This sermon was preached at St Matthew's Lutheran Church, Maryborough, 5.30pm.
Grace, mercy and peace be to you from God our Father,
and from our Lord Jesus Christ.
Upon him was the chastisement that brought us peace,
and with his stripes we are healed. (Isaiah 53:5)
Prayer: Dear Lord Jesus, bless all of us with your
Holy Spirit, to me that I may preach well, and to all of us that we may hear
well. Amen.
In Isaiah 50, we read the
following words: I gave my back to those who strike, and my cheeks to
those who pull out the beard; I did not hide my face from disgrace and
spitting. In our sermon tonight, we think about particularly where
Jesus’ physical suffering turns particularly nasty in a way that we haven’t
seen yet in our readings so far. In the Garden of Gethsemane, Jesus anticipated
this great suffering, and was so shaken by the thought of what was to come, he
sweated blood and an angel came to minister to him.
In our
reading tonight, we read about the scourging of Jesus, how the soldiers
gathered around him and clothed him with a purple robe, crowned him with
thorns, put a reed in his hand, mocked him by kneeling before him, spitting at
him, and striking and slapping him. And then after all this, Pilate brings him
out before the crowd, and present him to the them.
So let’s look
at the first part of our reading tonight:
I. The
scourging of Jesus.
In ancient
times, it was a common punishment to flog a criminal. Some countries in the
world today still use this as a punishment. Even in the Old Testament, there
was a law about it in the book of Deuteronomy: If the guilty man
deserves to be beaten, the judge shall cause him to lie down and be beaten in
his presence with a number of stripes in proportion to his offense. Forty
stripes may be given him, but not more, lest, if one should go on to beat him
with more stripes than these, your brother be degraded in your sight. We
even read in St Paul’s letter that he had received this punishment. He writes
in 2 Corinthians: Five times I received at the hands of the Jews the
forty lashes less one. It was common for the Jewish people to give 39
lashes, 40 minus one, just to make sure that the people were not given more
than forty.
But in Jesus’
case, it was something quite different. Notice in the book of Deuteronomy, God
set a limit to the number of lashes—the number 40. And there is a reason
given: Lest, if one should go on to beat him with more stripes than
these, your brother be degraded in your sight.
Jesus was not
flogged by the Jews, but by the Romans—in fact, he received a scourging,
as it called. A Roman scourging called for the prisoner to be naked. There was
no consideration of shame—there was no regard for whether the person would be
degraded. Also, the Romans would use a whip with pieces of metal or bone
embedded in the whip. The purpose was to make a mess of the person. Also, there
was no limit to the number as with the Jews.
This is what
Jesus underwent in our reading. Also, in John, it says that Pilate took
Jesus and flogged him. Pilate would have had someone employed to carry out
this scourging. Think about if we had had such a thing like this in our society
today—who would do it? Who in our country would agree to do this? Only the most
deranged low-life imaginable would be willing to do this. We could imagine
Pilate had got one of his most bloodthirsty soldiers, an “ex-prison guy”, in
other way, a madman to do this job.
This is the
kind of person that Jesus was in the hands of. And strangely enough, not much
is said about it in the Scripture. In John we read that Pilate took
Jesus and flogged him. Matthew and Mark simply say: And having
scourged Jesus, delivered him to be crucified. And yet this one
word: scourged, or flogged, indicates the fulfilment
of a wonderful prophecy from Isaiah. We read: Upon him was the
chastisement that brought us peace, and with his wounds [or with
his stripes] we are healed.
This event
teaches us about who we are. It brings us face to face with our sinful nature. Here
we see a man laid bare, like Adam and Eve in the garden. Before the fall, there
was no shame. But now, Jesus is stripped of his clothes—the purpose of this is
to shame him. And in the Garden of Eden, Adam and Eve were clothed with skins.

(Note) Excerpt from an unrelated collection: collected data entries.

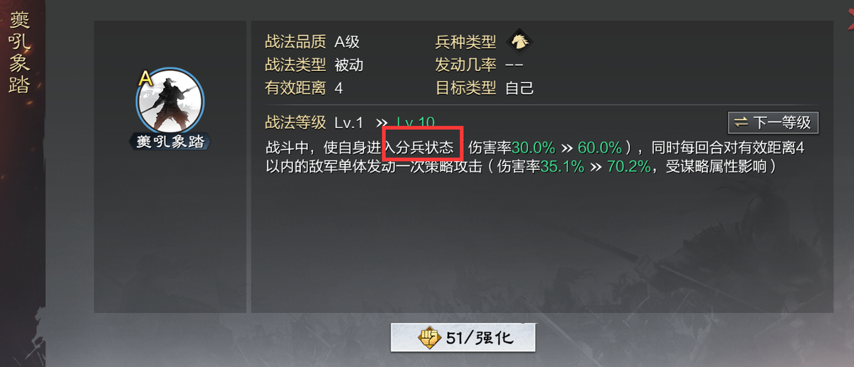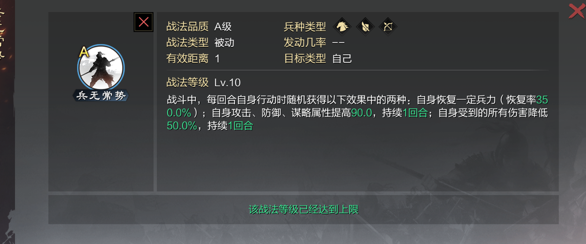 自从兵无常势改版加强后也是大火,直接变成了物理输出大营的常用战法,高额的回复量、三维的提升以及50%的伤害减免,每回合能触发两个,虽然一骑击势是传统物理输出大营的标配,但都是要么靠着始计能叠更高的爆发或者有网红双减保大营的情况下才带击势,这队很明显兵无常势更加的给力。可谓是全方位提升大营的输出能力和生存能力,例如90的属性提升就需要9红才能做到。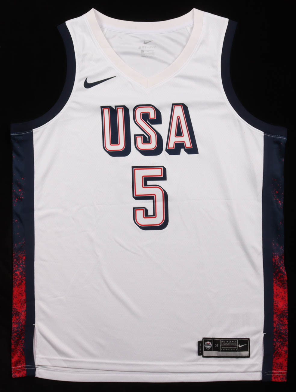 Nike authentic jersey with everything pressed on, size 52. Hand-signed by Anthony Edwards (Team USA).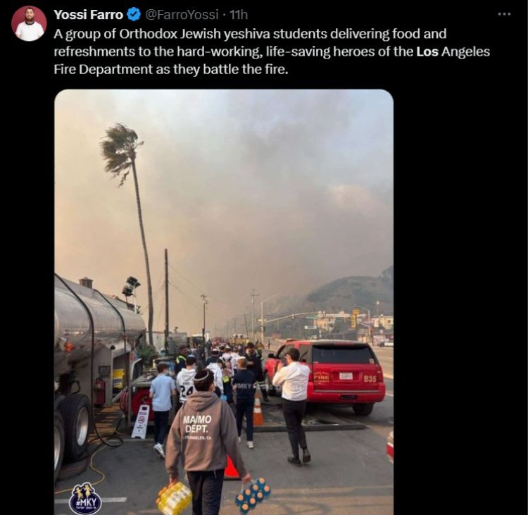 "קבוצה של בני ישיבה אורתודוקסית מעבירים אוכל ושתייה לכוחות ההצלה וכיבוי האש, שעמלים קשה לכיבוי השריפות בעיר.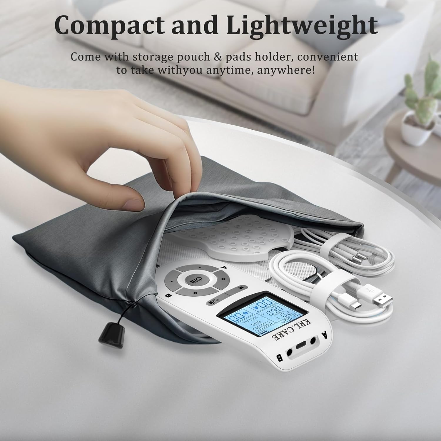 Due to its portable appearance, you can use it anytime at anywhere. KRL.CARE TENS unit can be put in your bag to take on the go, whether you are at home, in the gym, office, on your trip, etc.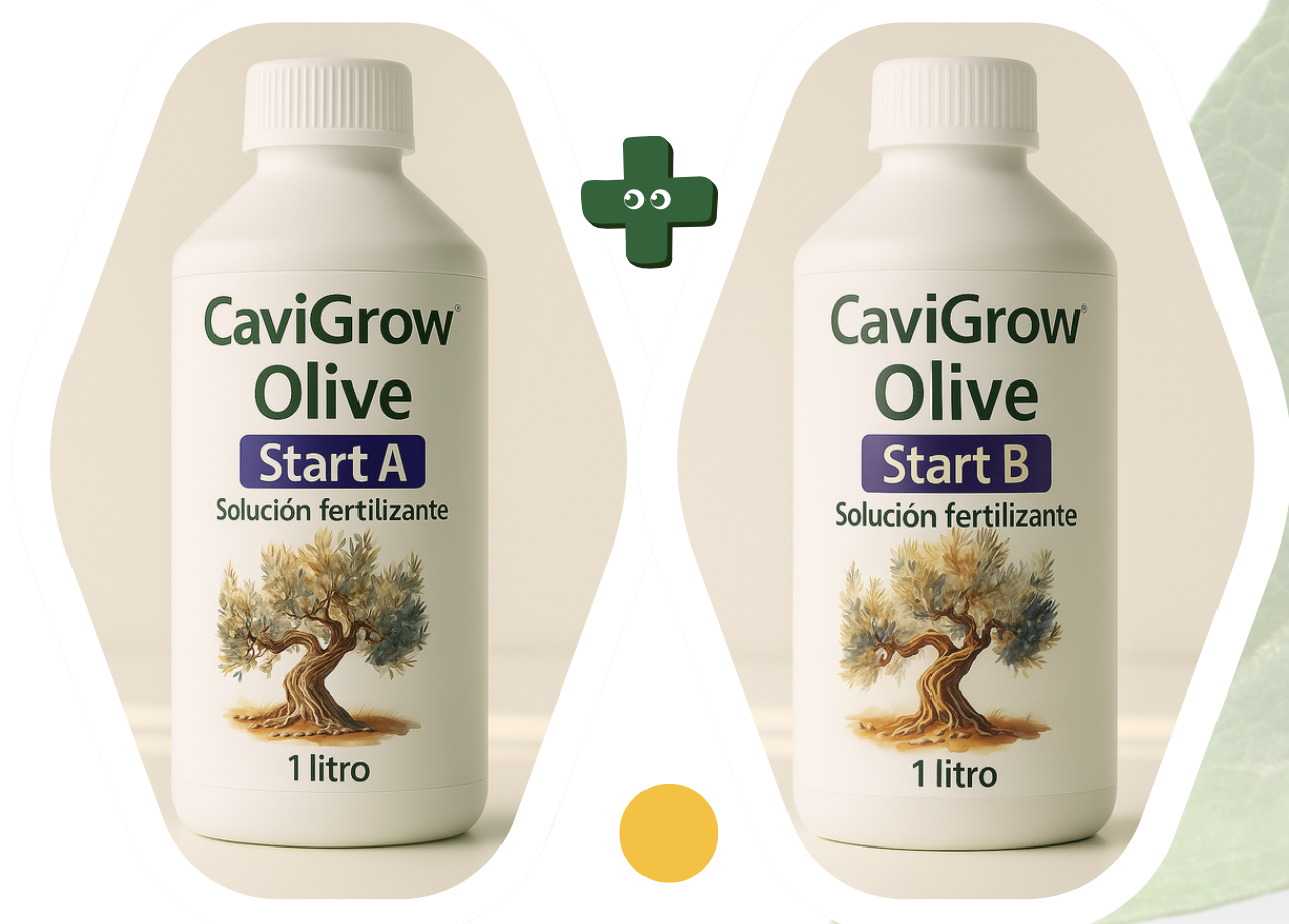 Optimice el establecimiento de su plantación de olivar con CaviGrow Start (A+B). Nutrición de precisión para un enraizamiento fuerte и un desarrollo inicial vigoroso de sus olivos.
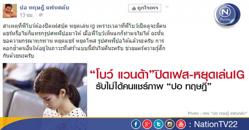 "สาเหตุที่พี่โบว์ต้องปิดเฟสบุ๊ค หยุดเล่น ig เพราะเวลาที่พี่โบว์เปิดดูจะมีคนแชร์หรือไม่ก็แทรกรูปศพพี่ปอมาให้ เมื่อพี่โบว์เห็นแกก็ทำใจไม่ได้ ฉะนั้นขอความกรุณาทุกท่าน หยุดแชร์ หยุดโพสต์ รูปศพพี่ปอได้แล้วนะครับ การตอกย้ำคนอื่นให้อยู่ในภาวะที่เศร้าแบบนี้มันไม่ดีนะครับ ช่วยแคร์ความรู้สึกกันด้วยนะครับ"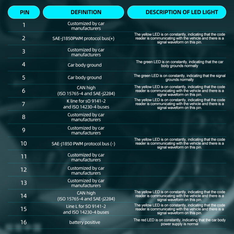- Each of the 16 pins can be easily accessed by the scan tool when communicating with the vehicle.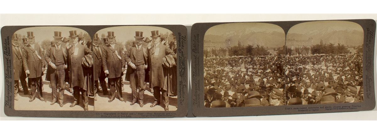 Two different Underwood & Underwood stereoviews. 1) Caption: "Chief Magistrates of Nation and of State---Pres. Roosevelt and Gov. Wells of Utah, at Salt Lake." Shows Roosevelt in top hat with two men with ribbons. Medium contrast. 2) Caption: "Utah's snow-capped mountains and sturdy citizens greeting President Roosevelt at Ogden." View of large crowd and mountains in distance. Medium contrast. Roosevelt's visit in May 1903 was part of a 25-state, eight-week tour of the United States. (Prag Collection)

Because of the sin, payment was required, and an animal, maybe a sheep or a
leopard or something, lost its life in order to cover them. But here, Jesus’
bare skin is not covered up, but it is removed from him, one stripe at a time.
And Jesus reveals to us his true humanity. When Jesus was on the mountain of
the Transfiguration, he showed a glimpse of his divinity: the light of his
divine nature shines through his face and his clothes and lightens up the
night. We learn here that God the Father is his true Father, and that Jesus is
his true Son. As John says: We have seen his glory, the glory as of the
only Son from the Father. However, that same skin which glowed with
all of God’s power and energy, is now stripped to reveal that he had a human
mother, Mary. And he shows to us, by submitting to this tremendous cruelty,
that he underneath his skin, like all members of the human race, we have blood
and flesh and bones.
The shame of
this whole event of Jesus’ scourging is our shame. The innocent Son of God is
stripped and tied in place, and subjected to a beefy pagan madman, and in his
hand with one of the nastiest known weapons know to the human race. Can we even
come to think that this is our human nature? This is our sin being punished.
But also,
Jesus does not want us simply to think about this because he wants to shame us:
no—he does this because he wants to cover over our sin, and forgive it. We
should think about this not about what other people did to Jesus, but what
Jesus himself accomplished and achieved. Psalm 32
says: Blessed is the man whose transgression is forgiven, whose sin is
covered. Jesus’ nakedness and flesh is uncovered, you are covered by
him. St John writes in his first letter: The blood of Jesus cleanses us
from all sin. And in Isaiah, we read: Upon him was the
chastisement—not for nothing—but that brought us peace, and with
his wounds we are healed.
So often as a
pastor I have heard people say: If you knew what I had done,
you wouldn’t be so quick to speak about forgiveness. What I’ve done can’t be forgiven.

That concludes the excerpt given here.